Cannot offload subjective responsibility onto an objective procedure
Tendency to focus on parts that are mathematical, objective - the quality of the data analysis
Other things that are also important
- quality of theory
- quality of data
- quality of code and procedures
- code documentation
- reporting
Planning
Goal setting
- estimands defined at the beginning
Theory building
- Which assumptions will we make to construct an appropriate estimator?
- causal model
Levels of theory building
- Heuristic causal model (DAGs)
- Structural causal models (synthetic functions that identify in precise mathematical ways the relationships between variables)
- Dynamic models (eg.
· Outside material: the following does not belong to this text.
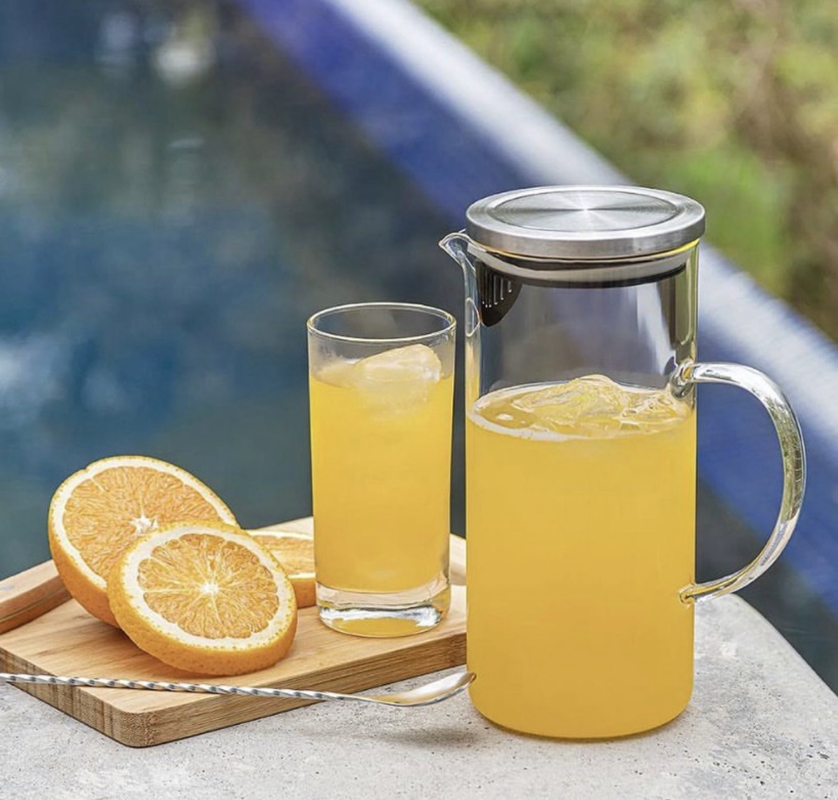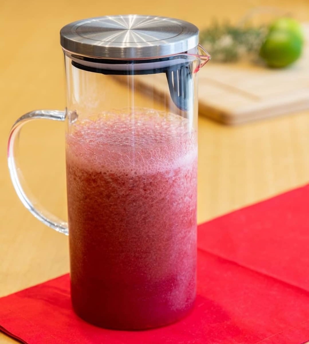 Jarra elegante e funcional, ideal para servir sucos, chás, águas aromatizadas ou outras bebidas. Feita em vidro resistente ao calor, acompanha tampa de aço inoxidável com filtro interno, que facilita o serviço sem deixar passar sementes ou pedaços de frutas.

ODEs)
- Agent-based models (most fine grained approach)
These all specify or imply algebraic systems that can be analysed for their implications.
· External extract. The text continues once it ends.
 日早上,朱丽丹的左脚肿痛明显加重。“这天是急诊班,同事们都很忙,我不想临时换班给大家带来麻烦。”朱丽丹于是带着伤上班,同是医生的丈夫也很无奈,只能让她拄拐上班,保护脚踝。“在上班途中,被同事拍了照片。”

Best way to learn models is to read models
DAGs
Heuristic causal models
- Treatment and outcome
- Other causes
- Other effects
- Unobserved causes
Justified sampling plan
Justified analysis plan
Documentation
Open software and data formats
Working
- Express theory as probabilistic program
- Prove planned analysis could work (conditionally on assumptions)
- Test pipeline on synthetic data
- Run pipeline on empirical data
Control
- version control (Git)
- history
- backup
- accountability
Incremental testing
- build things iteratively
- test each piece
Documentation
- comment everything
- for you and for others
Review
- at least two people should look at each thing you do
- explain the code to someone (rubber ducky)
Reporting
Describing methods
- math-stats notation of statistical model (software independent)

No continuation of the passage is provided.